* AVAILABLE DATA *
┄┄┄┄┄┄
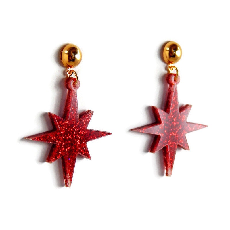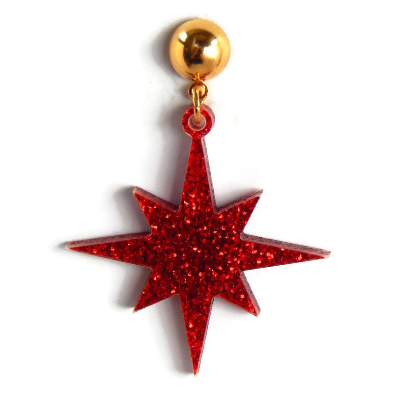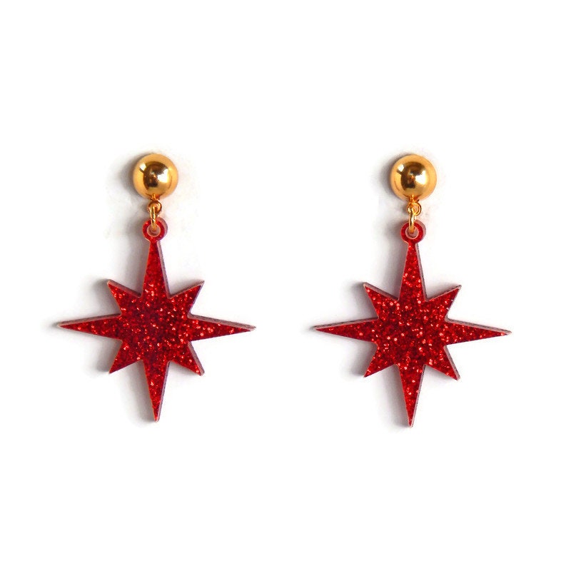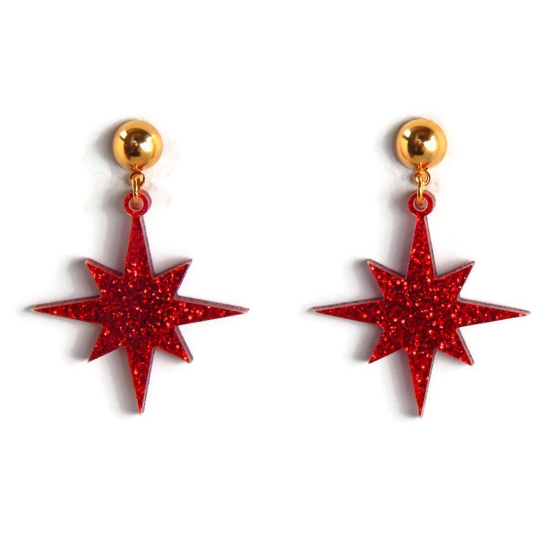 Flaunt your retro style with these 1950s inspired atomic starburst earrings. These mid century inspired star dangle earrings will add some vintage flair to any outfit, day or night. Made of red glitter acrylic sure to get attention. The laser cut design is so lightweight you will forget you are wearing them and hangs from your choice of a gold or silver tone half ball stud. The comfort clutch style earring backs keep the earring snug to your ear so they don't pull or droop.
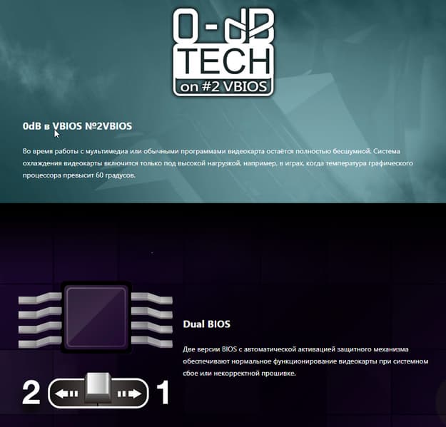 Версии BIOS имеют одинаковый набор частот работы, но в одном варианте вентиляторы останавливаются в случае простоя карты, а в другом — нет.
┄┄┄┄┄┄
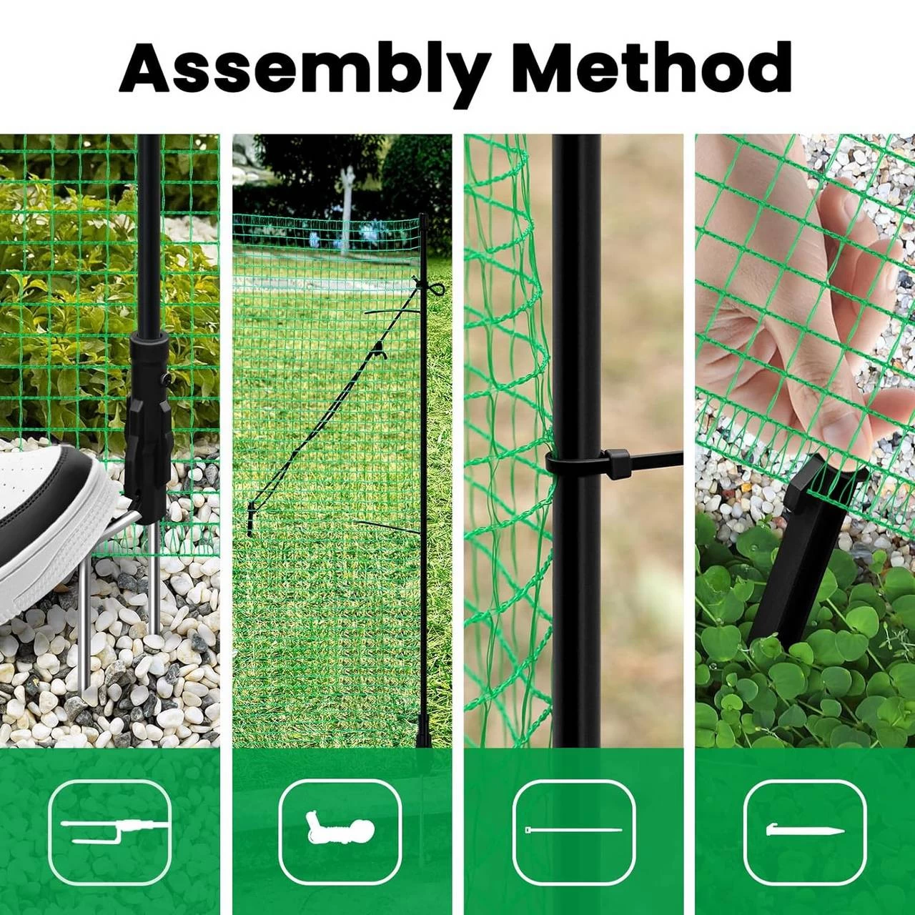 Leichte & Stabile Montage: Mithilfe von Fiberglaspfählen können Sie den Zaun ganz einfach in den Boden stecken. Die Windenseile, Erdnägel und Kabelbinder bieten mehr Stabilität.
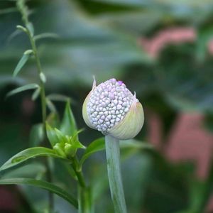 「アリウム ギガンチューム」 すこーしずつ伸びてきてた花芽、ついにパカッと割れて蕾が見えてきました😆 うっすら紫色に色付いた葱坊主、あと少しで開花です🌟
┄┄┄┄┄┄
* WHAT IS REQUIRED *
In the material above, which lines fall between the one holding "Flaunt your retro" and the one holding "Версии BIOS имеют", inclusive? Print exactly those, with the pictures left out.

* RESULT OF THIS EXERCISE *
 Flaunt your retro style with these 1950s inspired atomic starburst earrings. These mid century inspired star dangle earrings will add some vintage flair to any outfit, day or night. Made of red glitter acrylic sure to get attention. The laser cut design is so lightweight you will forget you are wearing them and hangs from your choice of a gold or silver tone half ball stud. The comfort clutch style earring backs keep the earring snug to your ear so they don't pull or droop.
 Версии BIOS имеют одинаковый набор частот работы, но в одном варианте вентиляторы останавливаются в случае простоя карты, а в другом — нет.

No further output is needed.